_THE TASK_.
A faithful copy of every entry, with the pictures removed, is what is needed here.

Saved entries
——
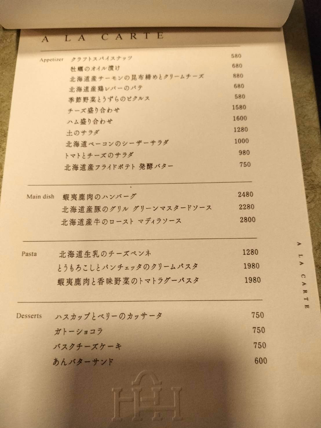 HOUSE.Hのメニュー構成と予算目安です。赤れんが庁舎内という立地もあり、アラカルトを中心に、カフェからディナーまで幅広い時間帯で利用できます。
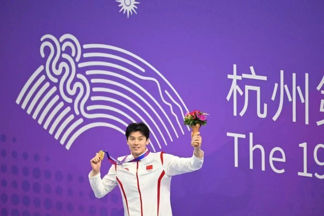 ▲ 宁波游泳名将汪顺在杭州亚运会首日比赛中获得200米混合泳金牌,并创造新的亚洲记录。
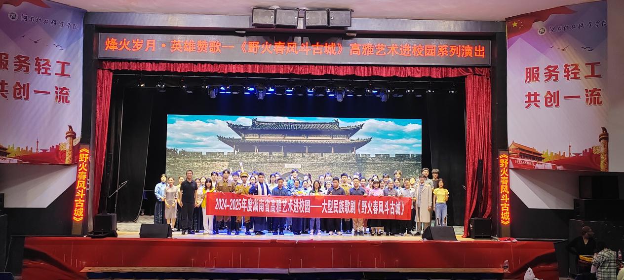 5月14日晚,湖南省高雅艺术进校园系列活动在学校雨花校区大礼堂盛大开启。此次活动由湖南省教育厅、湖南省委宣传部、湖南省财政厅和湖南省文旅厅联合主办,中南林业科技大学与我校共同承办。民族歌剧《野火春风斗古城》作为本次活动的重磅剧目,以独特的艺术魅力生动诠释红色基因,为全校师生呈上了一堂意义非凡的沉浸式“思政大课”。省教育厅体育卫生与艺术教育处一级主任科员张志敏,学校党委副书记邹海,党委委员、纪委书记王平,中南林业科技大学体育与音乐学院党委副书记钟楚鲲出席。学生工作部、团委,各二级学院党总支书记,师生代表700余人观看演出。
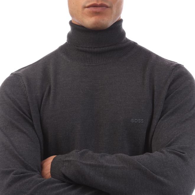Mens BOSS Baldebert-E Regular Fit Rollneck Sweater in Extra Fine Merino Wool in grey
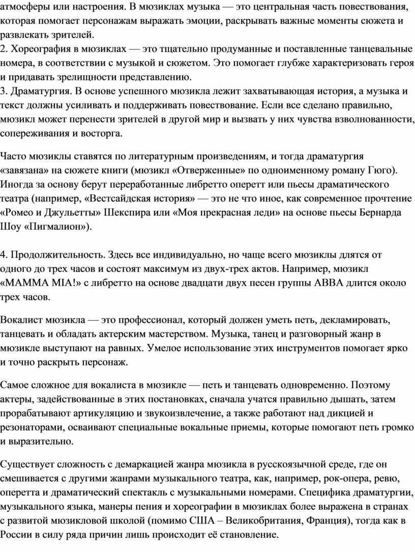 создания атмосферы или настроения. В мюзиклах музыка — это центральная часть
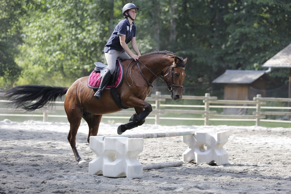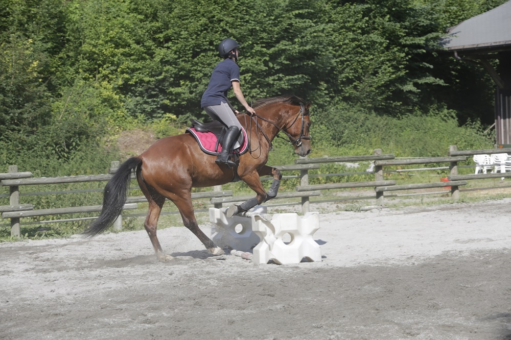 | Dire merci | Là pas de soucis puis au trot ça se complique : quand on était en mené et qu'on arrivait sur les barres Daïka venait se coller à moi donc il fallait que je sois vigilante à ma bulle. Le dernier passage on voit bien qu'elle fait une tentative mais ayant le stick dans la main intérieure je la repousse de suite et c'est mieux |
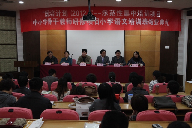 10月24日上午,我院隆重举行"国培计划(2012)"--中小学骨干教师研修项目小学语文班的结业典礼,副院长王仁雷出席并讲话。中文系党总支书记卜玉平、副主任沈明,教务处副处长耿珺,现代教育技术中心主任高荣国及参与国培的相关人员参加典礼。结业典礼由教务处处长蔡飞主持。
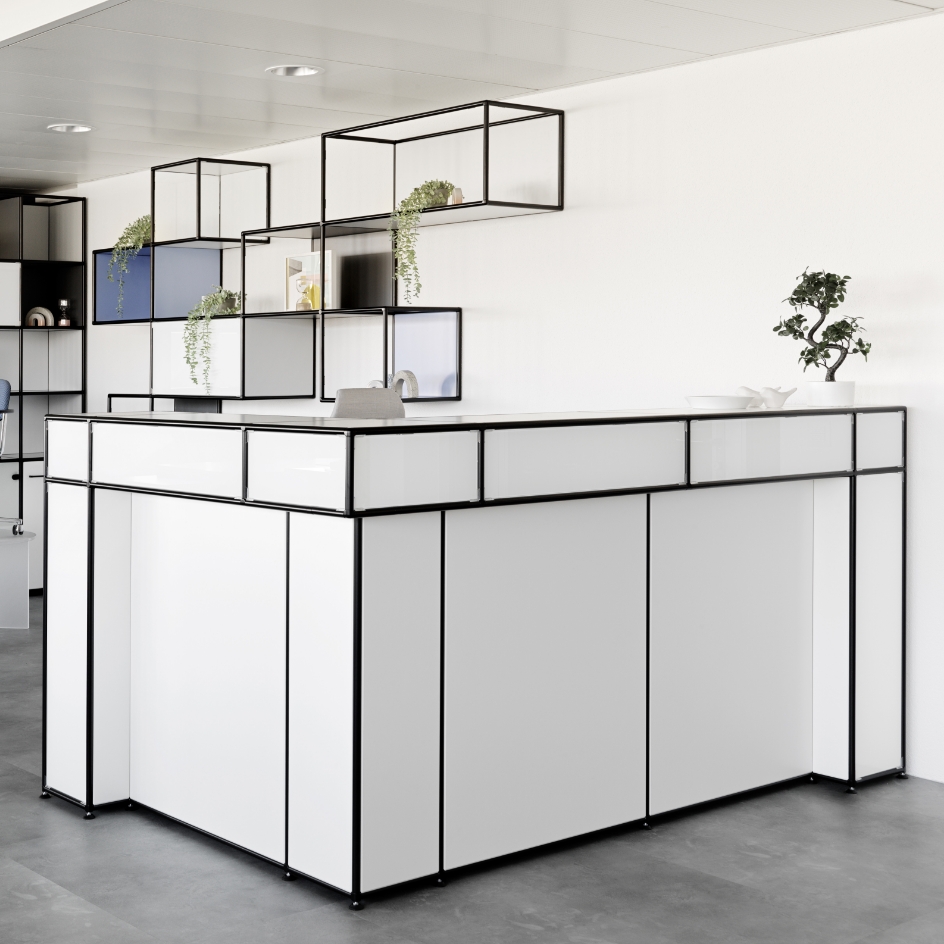 • Système de meubles modulaires à tubes porteurs avec cadre protégé par un brevet.
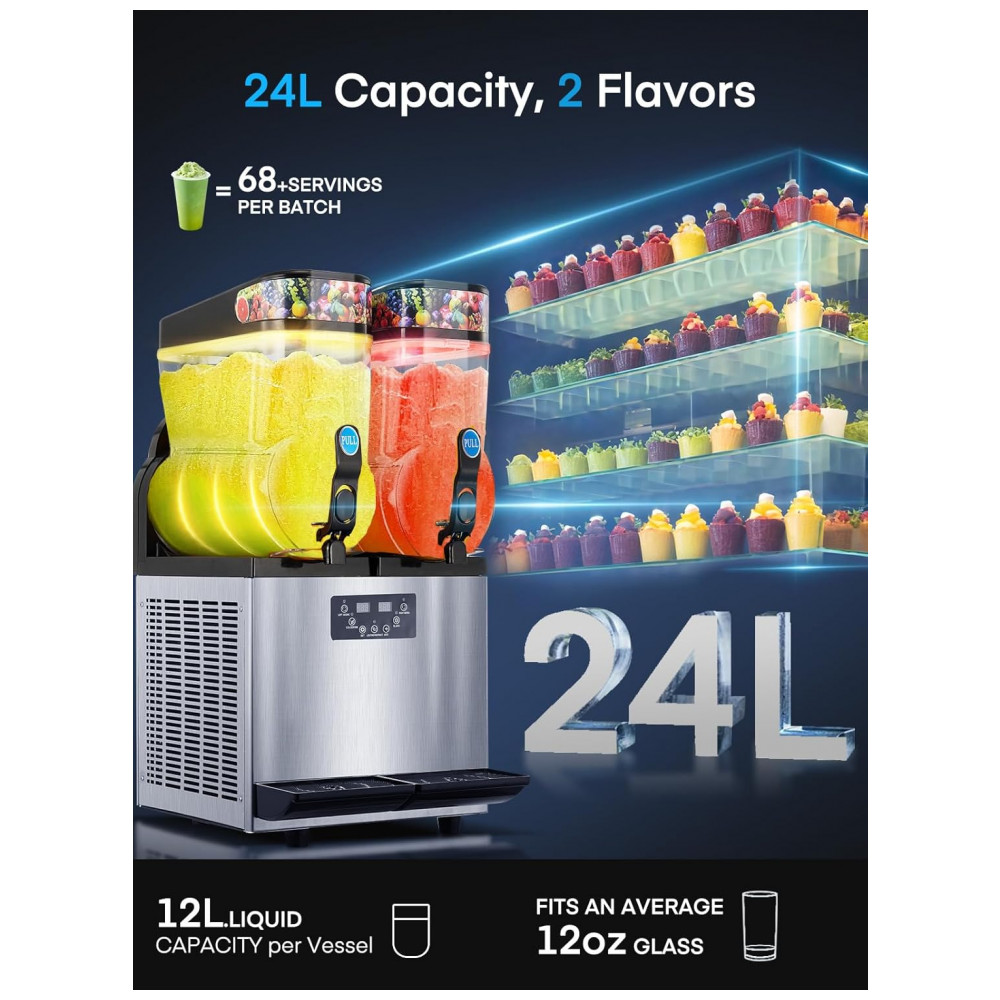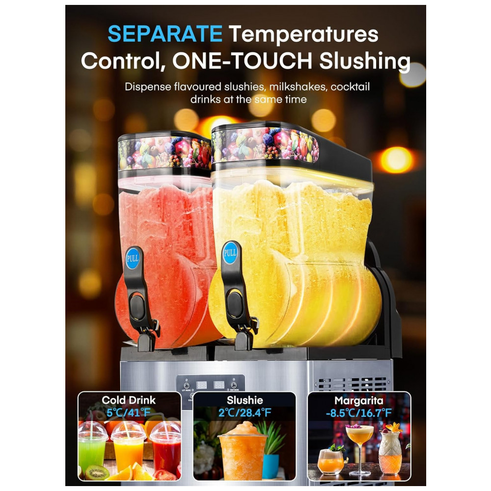 Máquina de Frozen Commercial Slushy 24L Aço Inoxidável 15L x 2 para Margaritas e Smoothies 25 Minutos para ServirFOHERE
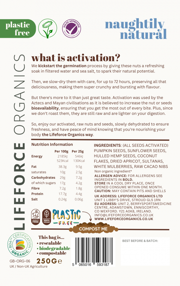These seeds have been rinsed and then soaked for 12 hours to start germination and activate them, this allows access to their full nutrient profile. Then they are mixed with organic dried fruits, coconut flakes and raw cacao nibs and gently dehydrated below 43°C to preserve their raw qualities.
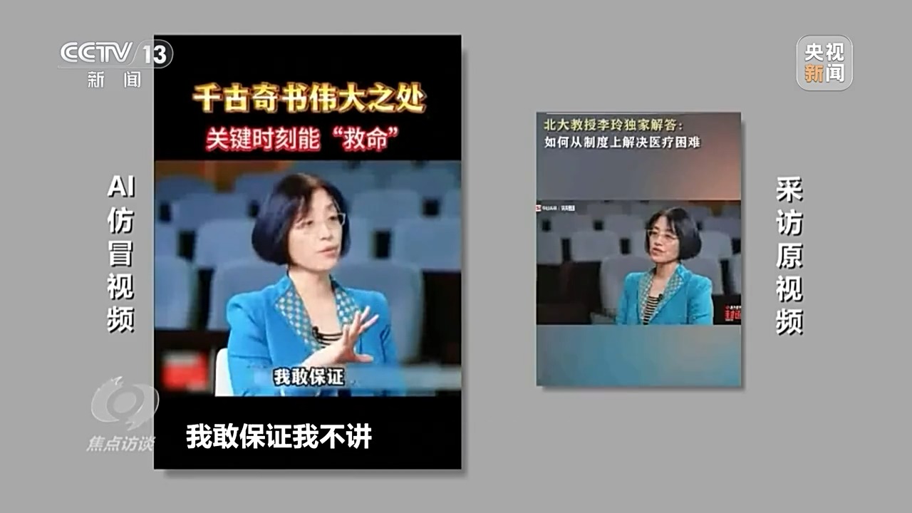 一段北京大学国家发展研究院李玲教授的采访视频,被不法人员利用AI技术将其篡改为一段虚假的推销视频,在网络上大肆传播。
——
_RESPONSE FOR THIS EXERCISE_.
 HOUSE.Hのメニュー構成と予算目安です。赤れんが庁舎内という立地もあり、アラカルトを中心に、カフェからディナーまで幅広い時間帯で利用できます。
 ▲ 宁波游泳名将汪顺在杭州亚运会首日比赛中获得200米混合泳金牌,并创造新的亚洲记录。
 5月14日晚,湖南省高雅艺术进校园系列活动在学校雨花校区大礼堂盛大开启。此次活动由湖南省教育厅、湖南省委宣传部、湖南省财政厅和湖南省文旅厅联合主办,中南林业科技大学与我校共同承办。民族歌剧《野火春风斗古城》作为本次活动的重磅剧目,以独特的艺术魅力生动诠释红色基因,为全校师生呈上了一堂意义非凡的沉浸式“思政大课”。省教育厅体育卫生与艺术教育处一级主任科员张志敏,学校党委副书记邹海,党委委员、纪委书记王平,中南林业科技大学体育与音乐学院党委副书记钟楚鲲出席。学生工作部、团委,各二级学院党总支书记,师生代表700余人观看演出。
Mens BOSS Baldebert-E Regular Fit Rollneck Sweater in Extra Fine Merino Wool in grey
 создания атмосферы или настроения. В мюзиклах музыка — это центральная часть
 | Dire merci | Là pas de soucis puis au trot ça se complique : quand on était en mené et qu'on arrivait sur les barres Daïka venait se coller à moi donc il fallait que je sois vigilante à ma bulle. Le dernier passage on voit bien qu'elle fait une tentative mais ayant le stick dans la main intérieure je la repousse de suite et c'est mieux |
 10月24日上午,我院隆重举行"国培计划(2012)"--中小学骨干教师研修项目小学语文班的结业典礼,副院长王仁雷出席并讲话。中文系党总支书记卜玉平、副主任沈明,教务处副处长耿珺,现代教育技术中心主任高荣国及参与国培的相关人员参加典礼。结业典礼由教务处处长蔡飞主持。
 • Système de meubles modulaires à tubes porteurs avec cadre protégé par un brevet.
 Máquina de Frozen Commercial Slushy 24L Aço Inoxidável 15L x 2 para Margaritas e Smoothies 25 Minutos para ServirFOHERE
These seeds have been rinsed and then soaked for 12 hours to start germination and activate them, this allows access to their full nutrient profile. Then they are mixed with organic dried fruits, coconut flakes and raw cacao nibs and gently dehydrated below 43°C to preserve their raw qualities.
 一段北京大学国家发展研究院李玲教授的采访视频,被不法人员利用AI技术将其篡改为一段虚假的推销视频,在网络上大肆传播。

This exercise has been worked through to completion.